# [Exercise inputs]
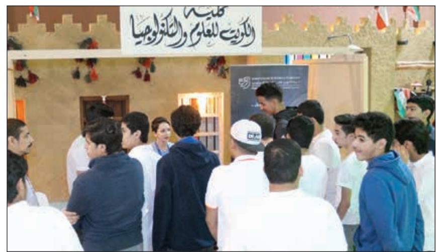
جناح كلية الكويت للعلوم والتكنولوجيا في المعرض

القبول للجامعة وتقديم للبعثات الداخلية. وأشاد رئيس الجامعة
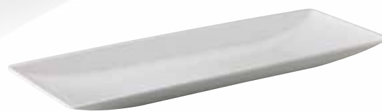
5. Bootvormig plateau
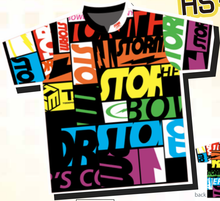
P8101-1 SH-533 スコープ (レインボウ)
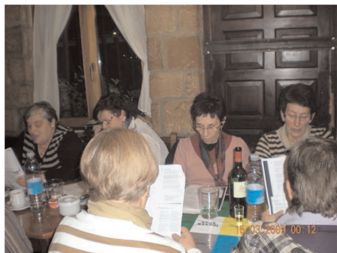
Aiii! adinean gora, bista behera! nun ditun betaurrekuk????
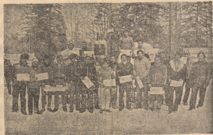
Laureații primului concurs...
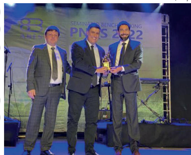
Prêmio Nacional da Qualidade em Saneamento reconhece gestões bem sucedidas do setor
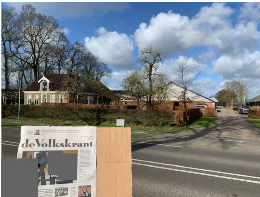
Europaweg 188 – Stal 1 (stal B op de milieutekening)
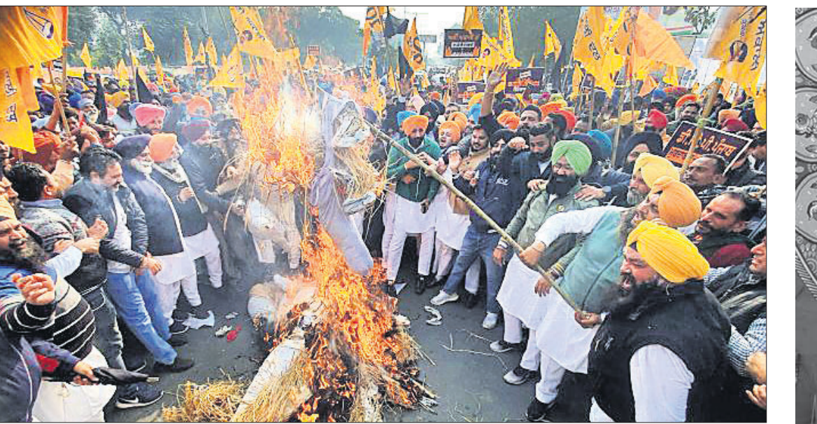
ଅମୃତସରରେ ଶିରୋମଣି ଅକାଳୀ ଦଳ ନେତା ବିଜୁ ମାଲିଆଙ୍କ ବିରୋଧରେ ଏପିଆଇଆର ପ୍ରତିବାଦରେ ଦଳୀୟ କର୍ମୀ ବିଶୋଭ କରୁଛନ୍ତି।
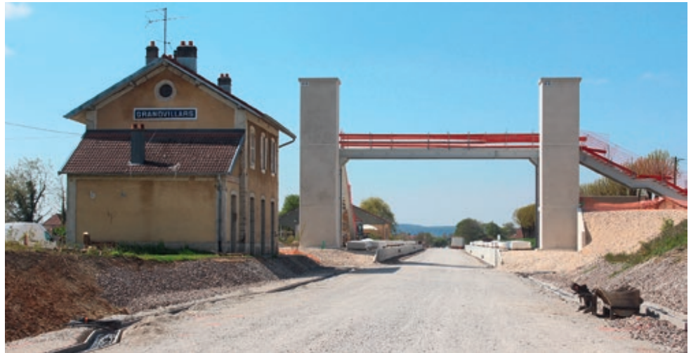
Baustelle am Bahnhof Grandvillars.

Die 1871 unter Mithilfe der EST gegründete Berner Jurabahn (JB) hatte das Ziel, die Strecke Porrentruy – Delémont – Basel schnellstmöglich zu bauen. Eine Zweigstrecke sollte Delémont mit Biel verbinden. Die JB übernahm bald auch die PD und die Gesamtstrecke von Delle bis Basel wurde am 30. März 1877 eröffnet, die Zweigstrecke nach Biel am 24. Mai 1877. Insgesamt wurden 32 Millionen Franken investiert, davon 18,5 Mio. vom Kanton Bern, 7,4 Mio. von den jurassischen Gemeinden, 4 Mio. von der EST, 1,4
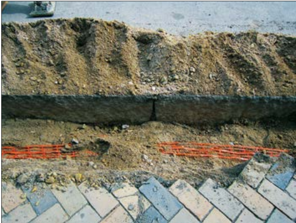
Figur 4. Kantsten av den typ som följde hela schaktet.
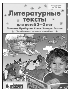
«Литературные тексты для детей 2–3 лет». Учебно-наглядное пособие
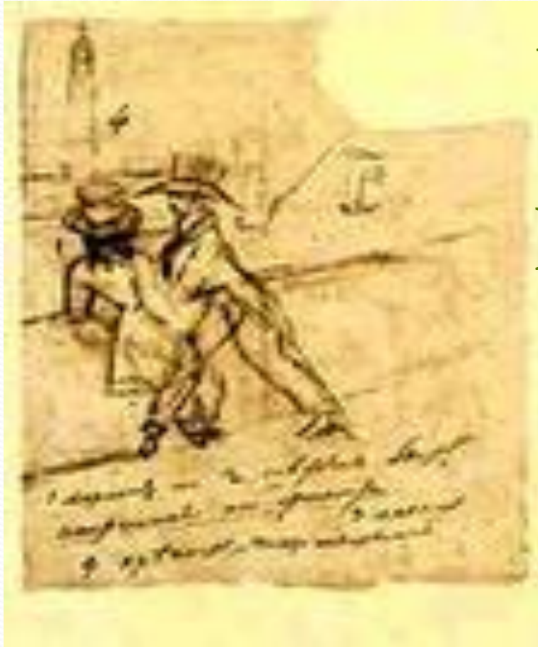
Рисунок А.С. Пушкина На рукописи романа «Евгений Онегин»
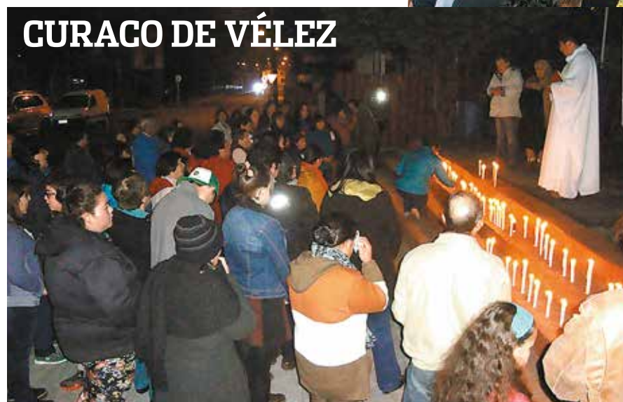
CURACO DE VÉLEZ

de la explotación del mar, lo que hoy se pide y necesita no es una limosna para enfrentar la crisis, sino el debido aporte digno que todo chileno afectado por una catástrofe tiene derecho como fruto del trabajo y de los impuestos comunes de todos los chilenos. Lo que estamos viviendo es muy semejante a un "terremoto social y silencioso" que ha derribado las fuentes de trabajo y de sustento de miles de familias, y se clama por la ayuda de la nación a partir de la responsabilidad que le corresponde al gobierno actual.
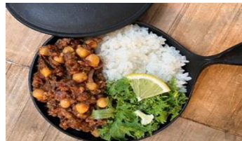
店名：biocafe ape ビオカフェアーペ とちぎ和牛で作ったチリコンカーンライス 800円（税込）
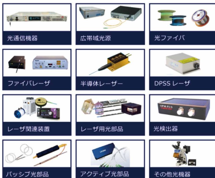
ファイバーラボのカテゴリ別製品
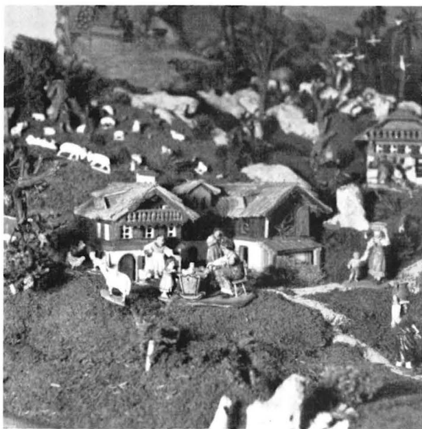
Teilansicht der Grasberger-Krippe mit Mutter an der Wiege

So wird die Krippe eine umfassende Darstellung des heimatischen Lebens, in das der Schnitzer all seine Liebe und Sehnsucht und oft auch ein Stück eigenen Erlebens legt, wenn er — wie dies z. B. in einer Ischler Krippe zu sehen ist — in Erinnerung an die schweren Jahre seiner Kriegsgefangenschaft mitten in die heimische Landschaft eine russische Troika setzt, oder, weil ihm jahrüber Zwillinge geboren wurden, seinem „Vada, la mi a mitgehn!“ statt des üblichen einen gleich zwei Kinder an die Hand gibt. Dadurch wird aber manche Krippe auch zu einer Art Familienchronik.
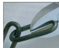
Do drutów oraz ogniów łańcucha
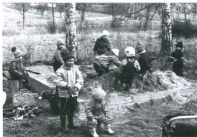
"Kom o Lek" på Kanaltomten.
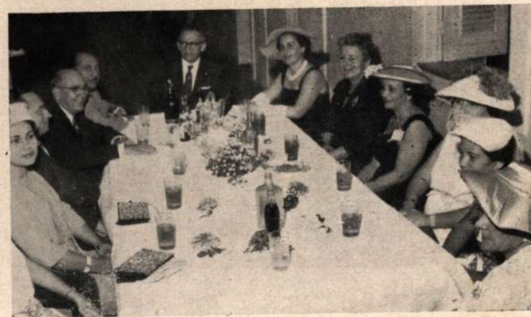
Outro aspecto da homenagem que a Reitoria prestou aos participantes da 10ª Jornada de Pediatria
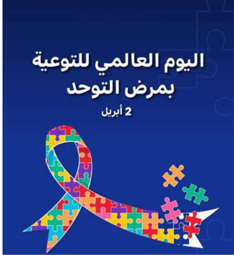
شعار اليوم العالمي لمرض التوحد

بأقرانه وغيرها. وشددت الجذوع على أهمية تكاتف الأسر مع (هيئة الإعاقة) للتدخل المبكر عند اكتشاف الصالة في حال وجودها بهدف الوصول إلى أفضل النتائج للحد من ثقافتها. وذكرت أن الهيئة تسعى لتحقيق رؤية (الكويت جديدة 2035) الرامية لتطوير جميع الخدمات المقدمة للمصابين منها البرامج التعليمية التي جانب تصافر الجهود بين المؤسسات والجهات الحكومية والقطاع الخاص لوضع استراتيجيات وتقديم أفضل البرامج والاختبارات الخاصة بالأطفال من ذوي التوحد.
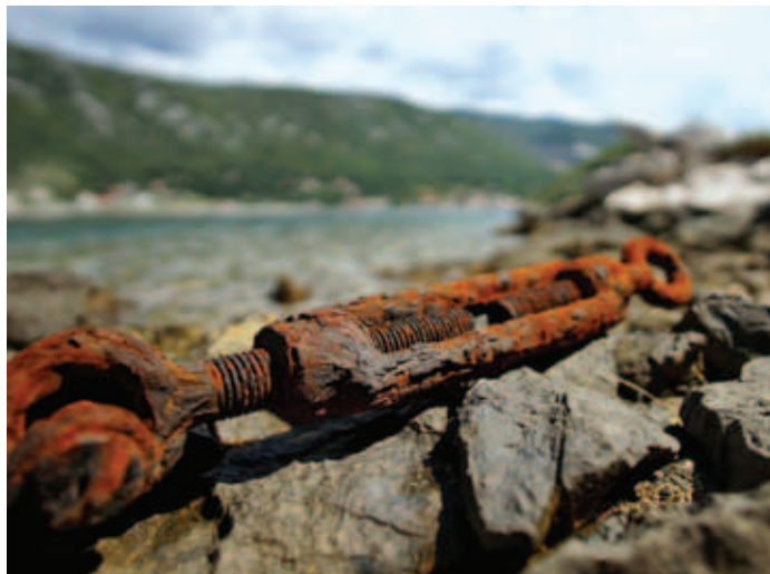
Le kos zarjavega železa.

# [Required action]
Now transcribe the lines above exactly, starting at the line containing "Figur 4. Kantsten" and ending at the line containing "ファイバーラボのカテゴリ別製品", both lines included, pictures excluded.

# [Result of this task]
Figur 4. Kantsten av den typ som följde hela schaktet.
«Литературные тексты для детей 2–3 лет». Учебно-наглядное пособие
Рисунок А.С. Пушкина На рукописи романа «Евгений Онегин»
CURACO DE VÉLEZ

de la explotación del mar, lo que hoy se pide y necesita no es una limosna para enfrentar la crisis, sino el debido aporte digno que todo chileno afectado por una catástrofe tiene derecho como fruto del trabajo y de los impuestos comunes de todos los chilenos. Lo que estamos viviendo es muy semejante a un "terremoto social y silencioso" que ha derribado las fuentes de trabajo y de sustento de miles de familias, y se clama por la ayuda de la nación a partir de la responsabilidad que le corresponde al gobierno actual.
店名：biocafe ape ビオカフェアーペ とちぎ和牛で作ったチリコンカーンライス 800円（税込）
ファイバーラボのカテゴリ別製品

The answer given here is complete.